The noble Lord, Lord Blunkett, said the buck stops here. In the last group I asked who is calling the shots. We were both making the same point about accountability. In all the conversations I have had with multi-academy trust leaders in preparation for proceedings on this Bill, they are confident about the education they are offering, the schools they are running and the standards they are setting. Whether we get to the group today or not, we will talk about school improvement, and the reality is that the capacity for school improvement in England sits with our multi-academy trusts. They know a lot about the education system and, therefore, I do not think that they would be put off by being inspected.

Of course, you will not want to cut across any other regulators that the multi-academy trusts are already governed by. Many of the multi-academy trusts are set up as companies and so they are regulated by Companies House; they will be producing accounts and will be accountable in that way. There is an opportunity for this legislation to be wary of creating regulatory burden creep, but it could ask the right questions.

The noble Lord, Lord Knight, just raised an interesting question about local authorities. I think he was talking about the inspection of local authorities, as many of them are in the same positions as multi-academy trusts. Consistency of inspection is exactly what I was asking for in the last group, and I have to say that I am slightly disappointed, unsurprisingly, by the answer that I had from the Government Front Bench on that. Consistency in accountability, and in understanding who is really responsible for the education, is important.

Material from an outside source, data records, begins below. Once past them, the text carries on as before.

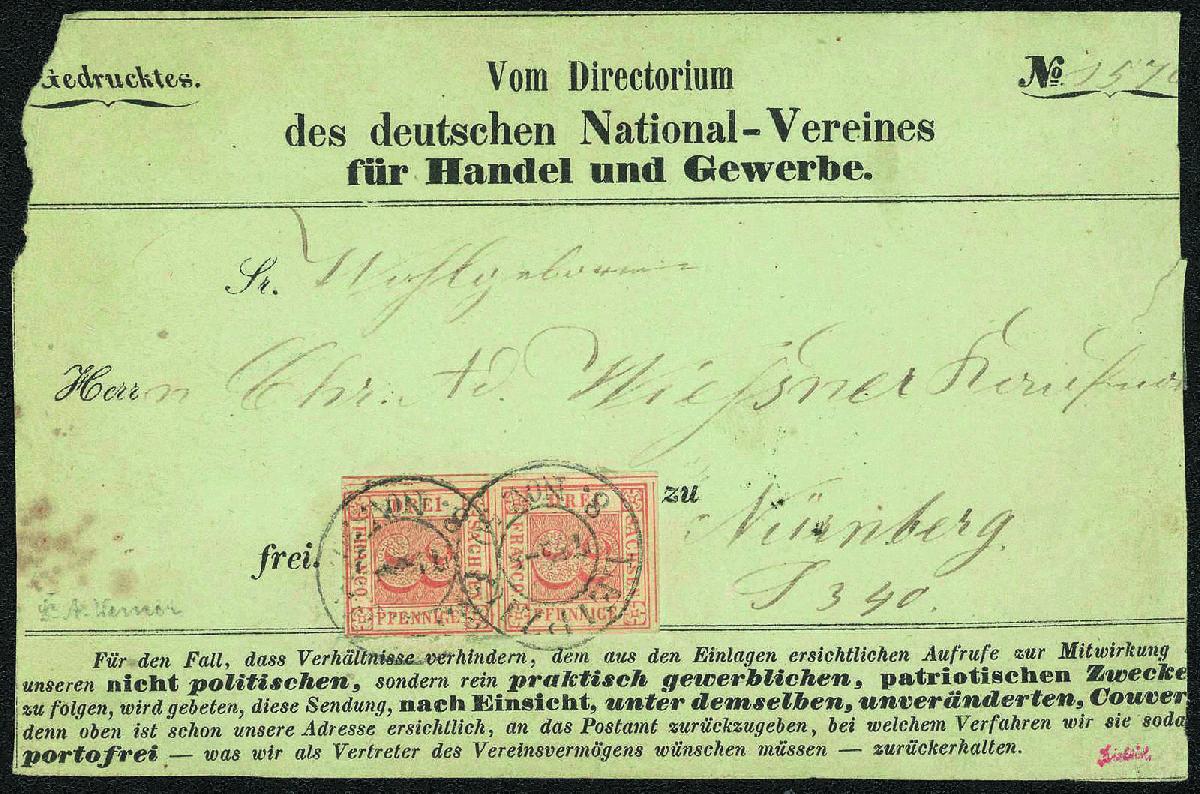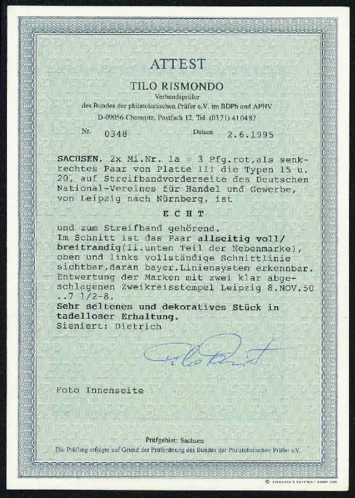 | Zusatzinformationen und Suchstichworte: | Gert Müller 114. Auktion Auktionstermin: 25. Mai 2022 Los 2845 Altdeutschland Sachsen 3 Pfg. rot, der legendäre "SACHSENDREIER", ein wundervoll farbfrisches, allseits voll- bis überrandiges senkrechtes Luxuspaar, Platte III, Typen 15 und 20, auf Streifband-Vorderseite mit zwei klaren K2 "LEIPZIG 8.NOV.50." nach Nürnberg. Das Paar zeigt links deutlich erkennbares bayrisches Liniensystem. Eine Sachsen-Rarität für die große Sammlung! Fotoattest "SEHR SELTENES UND DEKORATIVES STÜCK IN TADELLOSER ERHALTUNG" Rismondo BPP. Ausruf 20.000,00 EUR |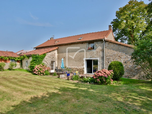 Exclusivité - Visite virtuelle disponible - Fermette typique de Gâtine proposant de beaux volumes et des dépendances sur plus de 3000m2 de terrain, à 2 mns de L'Absie pour les commodités, 30 mns de Niort. Située au calme dans un hameau, avec un jardin arboré bénéficiant d'une belle vue dégagée sur la campagne. RDC : Grande entrée, salon avec poêle à bois, cuisine / salle à manger de 32m2 qui s'ouvre sur une terrasse à l'arrière, séjour avec pierres apparentes. Dégagement qui mène à une petite salle de bains, wc, et chaufferie. À l'étage : Palier qui dessert 3 grandes chambres (dont une avec cabinet de toilette), une salle d'eau avec wc et un bureau. Belle grange d'environ 150m2 au sol avec un préau derrière, et une dépendance attenante à la chaufferie d'env. 40m2. Potager et fruitiers. Chauffage central fioul, assainissement aux normes. Votre contact : Pierre Dessombs 0684694900 - pierre.dessombs@imoconseil.com - Fluent english speaking local agent .
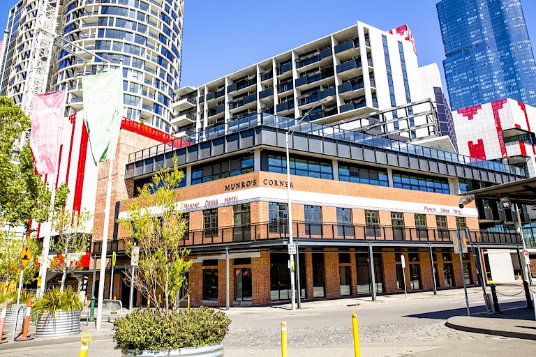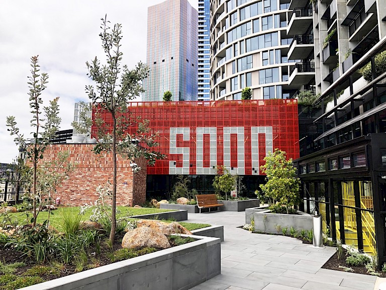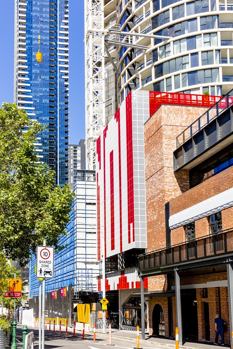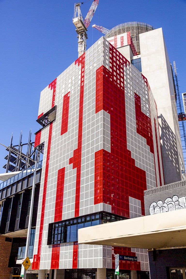 Rose Nolan has long played with extremes of scale in her art practice, often employing wry texts in her large-scale and text-based public art works. Consistent with her practice, for Screen Works (ENOUGH-NOW/EVEN/MORE-SO) Nolan employed a rad¬i¬cal¬ly reduced palette of red and white, using and sim¬ple util¬i¬tar¬i¬an mate¬ri¬als and meth¬ods in an explo¬ration of per¬son¬al, play¬ful and often self-effac-ing nar¬ra¬tives. Fully integrated into the structure of the building, Nolan’s bold responsive artwork both crowns and forms a dynamic facade of the new 10-storey building’s design, one of many links the art work creates to site and community. The Queen Victoria Market (QVM) is an inherently layered site with a complex history currently in transition. Referencing the market’s role in social and economic exchange, Nolan’s work is a key aspect of the QVM Precinct Renewal plan, a major body of work seeking restore the market’s heritage while delivering modern facilities and revitalising a growing part of the city. Nolan comments that “Screen Works… aims to contribute an optimistic, complex and bold design to the screen facades of the Munro Community Hub. As a series of connected words, they conjure up a sense of perseverance; of change; of forward thinking and improvement to transition from one state to another.” Highly site specific and respon¬sive to the unique context of the QVM area, in Nolan’s art work it is clear that seriality and rep¬e¬ti¬tion can be effective tools in large scale outdoor art works, and the impor¬tance of lan¬guage, inter¬ac¬tiv¬i¬ty, and the expe¬ri¬ence of the viewer in place-making public art. Nolan describes the work as a ‘verbal-visual puzzle’ and her text-based propositions – which can be seen from a great distance – act to prompt viewers into engaging with their interpretation. Nolan’s choice of words aren’t obvious but thought provoking and somewhat questioning of development and change in the city and the market precinct which is surrounded by dense redevelopment. In a world where much culture has become simplified and easily delivered to the consumer, Nolan instead teases meaning and wraps her audience into the art work, allowing intention to be approached from awry and collectively. Exploring materials, typography, patterning, and abstract form, Nolan creates an intriguing and surprising anchor-point to the Munro Site Western Hub, a conceptual and modernist work as a counterpoint to the historic area. Scale is a crucial means by which she negotiates and frames the public nature of the site. Screen Works… is architectural in scope, a match for the 10 story building that thoughtfully exploits the inherent graphic nature of text. Nolan uses text as material object – ‘found’ text that is derived from the everyday where words are chosen for their visual presence, formal qualities and linguistic content.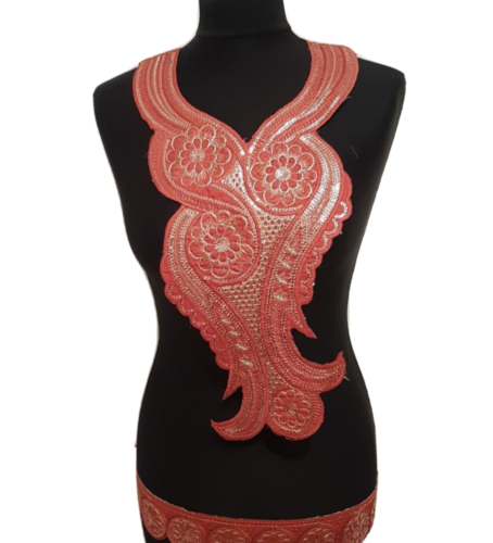 1x rust gold embroidered sequin applique collar/ neckline applique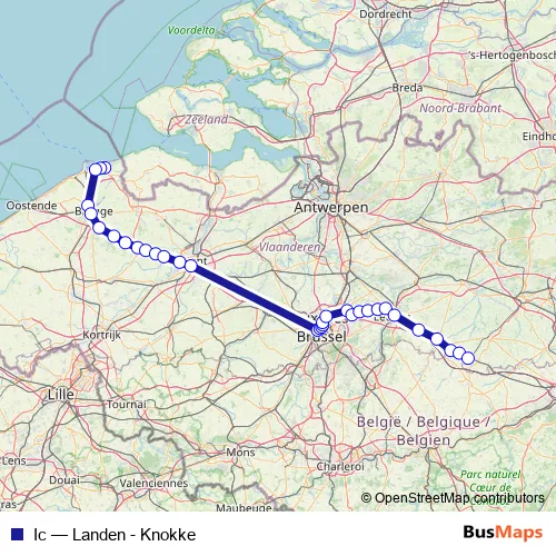 The first stop of the Ic rail route is Knokke and the last stop is Landen. Ic (Landen - Knokke) is operational during on weekdays.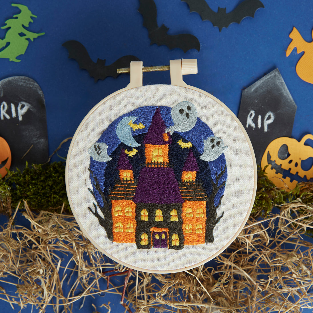 Simply Make Embroidery By Numbers Kit, Haunted House Halloween Craft Kit, Stitch & Sewing Kit, Includes Embroidery Threads, Craft Kits for Adults, Embroidery Kit With Embroidery Hoop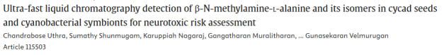 13. 基于超快速液相色谱法检测苏铁种子及其蓝藻共生体中β-N-甲氨基-L-丙氨酸及其异构体的神经毒性风险评估
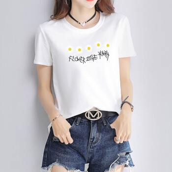 欧芙伦t恤女短袖2020新款宽松印花小雏菊简约时尚体恤上衣潮A0163 粉色 M |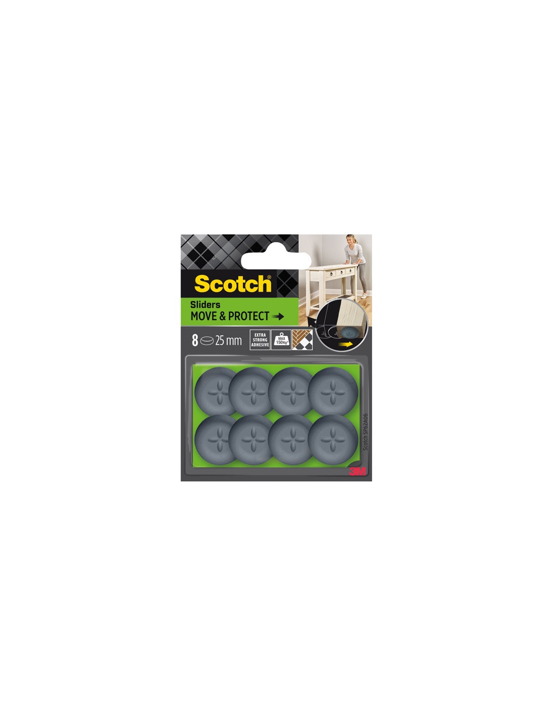 patin glisseur adhã©sif alveole rond gris 㘠25 mm blister x 8 - gpi 3m bricolage et batiment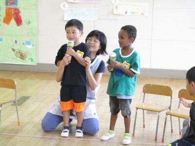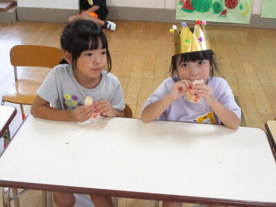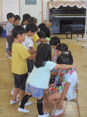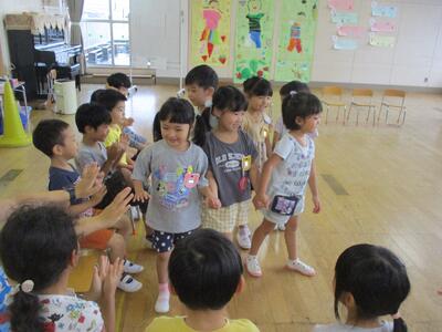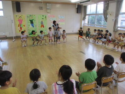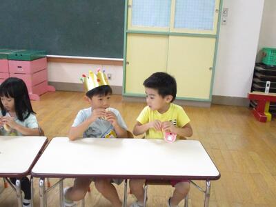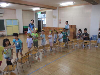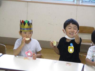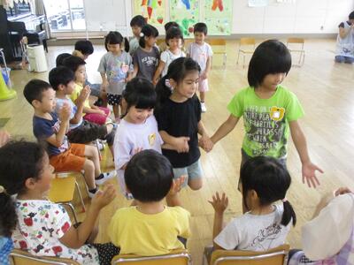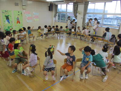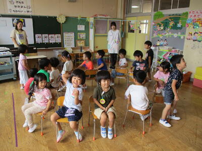 8・9月の誕生会を行いました。みんなで歌を歌ったり、いす取りゲームをしたりするなど、楽しい時間を過ごしました。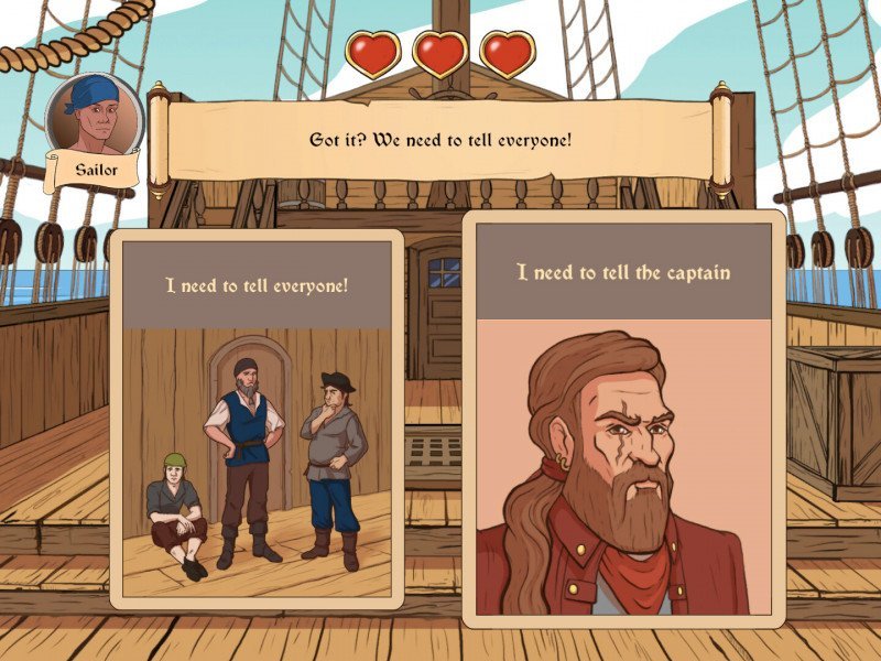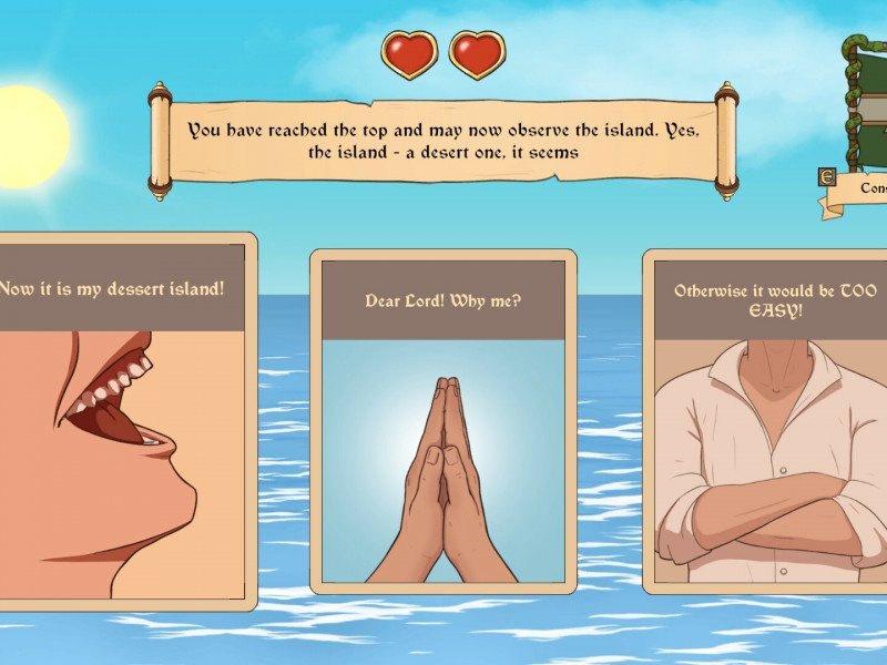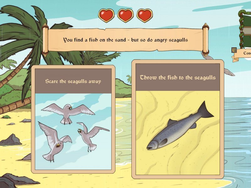 Si le premier volet de Choice of Life était une sorte de galop d'essai, le second une bonne histoire interactive, le troisième - Choice of Life: Wild Islands - renforce toutes les caractéristiques qui ont fait la popularité de la série. Son style visuel agréable nous plonge dans l'atmosphère de l'époque et du lieu de l'action. L'intrigue est véritablement non linéaire, où les choix du joueur comptent vraiment, et où quelques étapes apparemment anodines peuvent mener l'intrigue dans une direction totalement inattendue. C'est un humour sain et non vulgaire, tant oublié de nos jours, grâce auquel le jeu peut être joué avec des enfants. Et, cerise sur le gâteau, le jeu contient d'élégantes références à la culture populaire, à la musique et aux œuvres contemporaines. Hélas, tout ce beau discours rencontre un écueil de poids : Le jeu n'a toujours pas été traduit en français (il y a pourtant l'allemand et l'espagnol proposés) et ce semble manquement fera éloigner de nombreux joueurs de cette production indépendante. On ne s'étendra pas sur l'intrigue, qui est d'abord simple et claire. Vous incarnez un marin ordinaire, embarqué par hasard sur un navire voguant vers l'inconnu, à l'ère des découvertes géographiques et de la colonisation. Le personnage principal n'a pas vraiment d'histoire, ce qui vous permet de vous immerger pleinement dans l'instant présent, sans être distrait par un passé inconnu. Mais suite à un tourbillon d'événements, le navire n'atteint pas sa destination et nous nous retrouvons seuls sur une île tropicale pleine de secrets et de mystères. Malgré une certaine habitude et une aptitude à survivre, les aventures ne s'arrêtent pas là et le joueur se retrouve involontairement à la croisée de deux mondes, dans l'esprit de cette époque, où chaque camp a ses propres objectifs, valeurs et aspirations.

I am very pleased to see the amendments from the noble Baroness, Lady Spielman, and the noble Baroness, Lady Barran. I should be very interested to see how the Government take this overall principle forward. I am sure there will be debates about it and I am sure we will disagree with some of it, but it is an important principle. It is a sign of the maturity of the multi-academy trust system, which is to be welcomed and which we will debate in the next few groups.